Action item: Print, word for word, the opening line of the data below and every line after it through the line that contains "Bambussokker i sort", but not the pictures.

Collected data:
┌────────

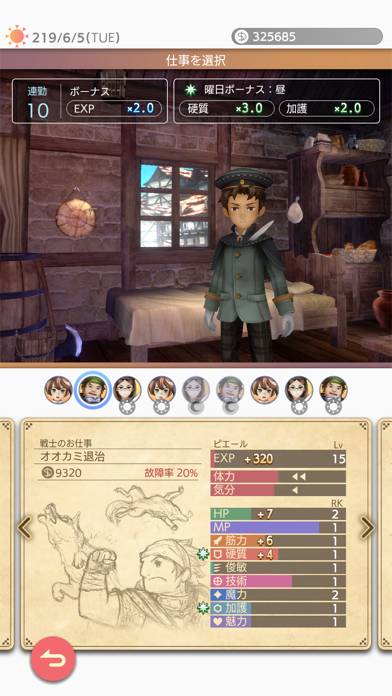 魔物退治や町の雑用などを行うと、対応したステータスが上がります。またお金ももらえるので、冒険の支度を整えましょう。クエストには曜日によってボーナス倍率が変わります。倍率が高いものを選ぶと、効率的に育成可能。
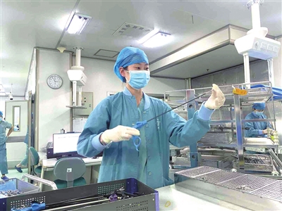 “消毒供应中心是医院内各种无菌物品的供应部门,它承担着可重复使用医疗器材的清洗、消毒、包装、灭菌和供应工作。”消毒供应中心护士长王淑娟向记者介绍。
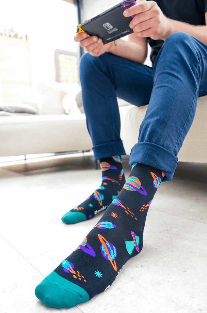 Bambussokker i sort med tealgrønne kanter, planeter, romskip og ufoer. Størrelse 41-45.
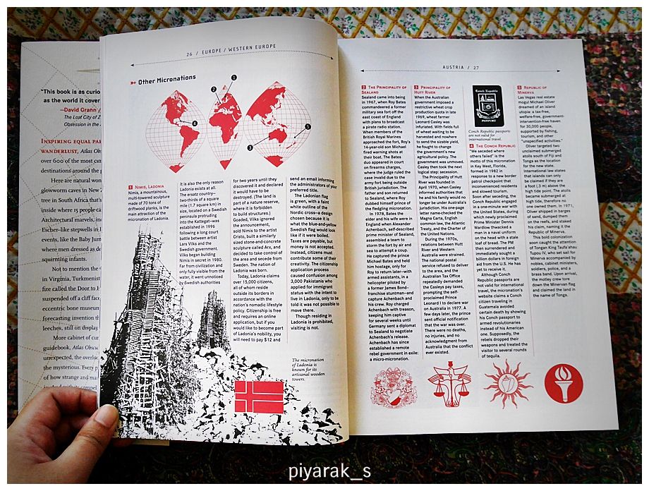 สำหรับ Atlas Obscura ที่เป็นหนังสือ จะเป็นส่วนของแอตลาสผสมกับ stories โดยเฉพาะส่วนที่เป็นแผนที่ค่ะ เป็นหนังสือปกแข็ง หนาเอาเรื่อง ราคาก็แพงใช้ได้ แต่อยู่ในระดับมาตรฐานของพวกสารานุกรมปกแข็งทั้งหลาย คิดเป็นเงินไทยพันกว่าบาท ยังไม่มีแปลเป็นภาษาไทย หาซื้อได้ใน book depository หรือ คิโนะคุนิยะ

└────────

Exercise answer:
 魔物退治や町の雑用などを行うと、対応したステータスが上がります。またお金ももらえるので、冒険の支度を整えましょう。クエストには曜日によってボーナス倍率が変わります。倍率が高いものを選ぶと、効率的に育成可能。
 “消毒供应中心是医院内各种无菌物品的供应部门,它承担着可重复使用医疗器材的清洗、消毒、包装、灭菌和供应工作。”消毒供应中心护士长王淑娟向记者介绍。
 Bambussokker i sort med tealgrønne kanter, planeter, romskip og ufoer. Størrelse 41-45.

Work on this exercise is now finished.